YOG: The Beginning

August 11th, 2010 § 2 Comments

The build-up of apprehension and excitement was gradual, subtle. The graph of my adrenalin against time was rising with a increasing gradient, but presently it was a gradient tending to zero.

Indeed, the games have begun. The Youth Olympic Village (YOV) is slowly, slowly coming to life. I’m sitting here, now, at the French desk of in the room housing the multilingual switchboard, waiting for my turn to address a panicking athlete over the phone.

My centre of operation

Call ext +5601

No, I don’t actually wish to deal with emergencies. But because it’s only been two and a half days since the opening of the Village halls of residence, there hasn’t been an overwhelmingly pressing need for interpreters like myself. Yet.

Few things enroute to the Village announced the imminent commencement of the Youth Olympic Games (YOG). How peculiar, I noted at the beginning of my journey: the Olympic Lane markings were absent from that stretch of motorway that I was travelling on. A few minutes later, the first reminder: a bus bearing YOG colours approached from behind. I retrieved my YOG handbook from the depths of my haversack. Running through the list of event venues I noticed I was in the vicinity of one of them: Singapore Turf Club, the home of all equestrian events. Upon returning my gaze to the motorway I smiled as the first Olympic Lane markings came within sight.

The further away from home — and hence the nearer to the YOV — I drew, the more consistent the lane markings grew. Fluorescent yellow signs screamed for attention on the left of the motorway. GIVE WAY, they ordered.

Taking the appropriate exit out of the motorway and crossing the junction to Nanyang Technological University (NTU — they cleverly avoided calling themselves Nanyang University of Technology: NUT), my eyes scanned the entrance for signs of YOG-related activity. Left, right — none. Bizarre.

Suddenly — a massive welcome sign: WELCOME TO THE YOUTH OLYMPIC VILLAGE. The tiniest amount of adrenalin kicked in. Then finally, after traversing the hilly, complicated network of roads in the depths of NTU’s campus, numerous white marquees, security vehicles, taxis, and several others dressed in the same combination of rich purple and khaki: the Village entrance.

Or at least it was what I thought was the Village entrance. As I proceeded briskly to the marquees, I noticed I wasn’t where I thought I was. It was instinct that took me to where I was supposed to be — approximately three minutes’ walk away.

The Village entrance was surprisingly peaceful; chatter was minimal, people weren’t aplenty, panic was absent. The entrance also looked surprisingly unimpressive. The Main Accreditation Centre was another one of those marquees, only fitted with glass panels, air-conditioning and presumably some other facilities on the inside. The metal detectors and various other computerised devices were all too familiar; they’re stuff from the airport. There wasn’t anything particularly grand about the entrance.
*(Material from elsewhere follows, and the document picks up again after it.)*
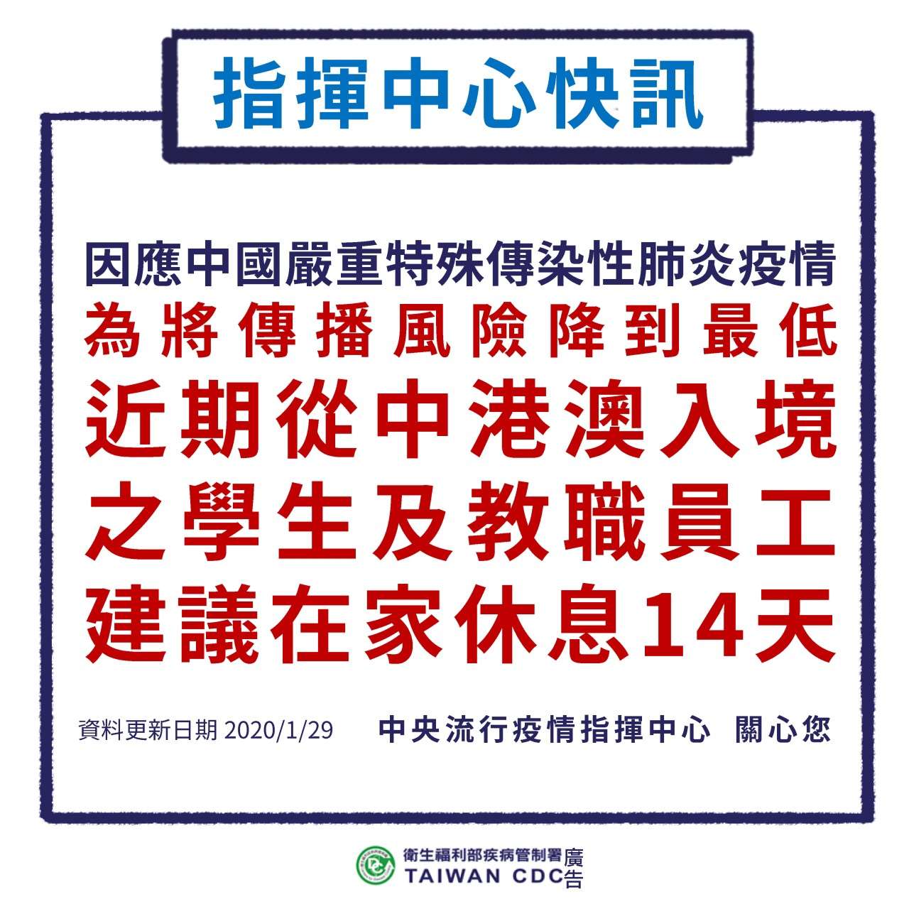 3.自1/30日起,要求教職員工、親師生及進出入校園廠商、訪客配戴口罩,同時守衛室亦會為訪客測量登錄體溫,如發現發燒或疑似症狀禁止進入校園。

Neither were there futuristic turnstiles that I had hoped would be specially fitted for the games. Even the damn mascots Lyo and Merly weren’t there. Disappointing. On the other hand, it was an unassuming, unpretentious entrance — nothing reeking of ostentation. Pleasant enough. Clean. Safe. But one would hope that the inside of the Village would be the real spectacle.

I approached the first barrier of entry. Beep. Negative. Problems? Already? Oh wow, I cheered loudly muttered, mildly irritated. Directed by a bored security officer to the Main Accreditation Centre, I calmly made my way there.
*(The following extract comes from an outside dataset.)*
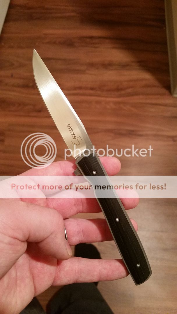 Next up is a boker urban trapper with the g10 scales over Ti liners. I am first owner, I bought this for office carry but it turns out it's just not my style and my cqc-12 remains king of at work EDC. However I'm extremely impressed with the knife. I'm usually hesitant of boker but they've stepped up their game, they did a great job with this one.

Incompetence greeted me there. She was joined quickly by Ignorance and Indifference, being the inseparable triplets they always are. Incompetence refused me entry; Ignorance gave no suggestions for a follow-up procedure; Indifference stared back at me.

I shall spare you the details of my encounter with them. But one segment of the incident I must share: after I related my problems to Javier in the most unaffected tone I could manage — and in French, too — Incompetence and her two sisters Ignorance and Indifference transformed, magically, immediately, into Initiative, Importunacy and Interest respectively. You’re an interpreter? You speak French? For long have you been learning French? Is it difficult? GLKFJSLDJSF? SLFAJSDLKFJ? FJDKJSFLJ?

Imbeciles.

I was not amused.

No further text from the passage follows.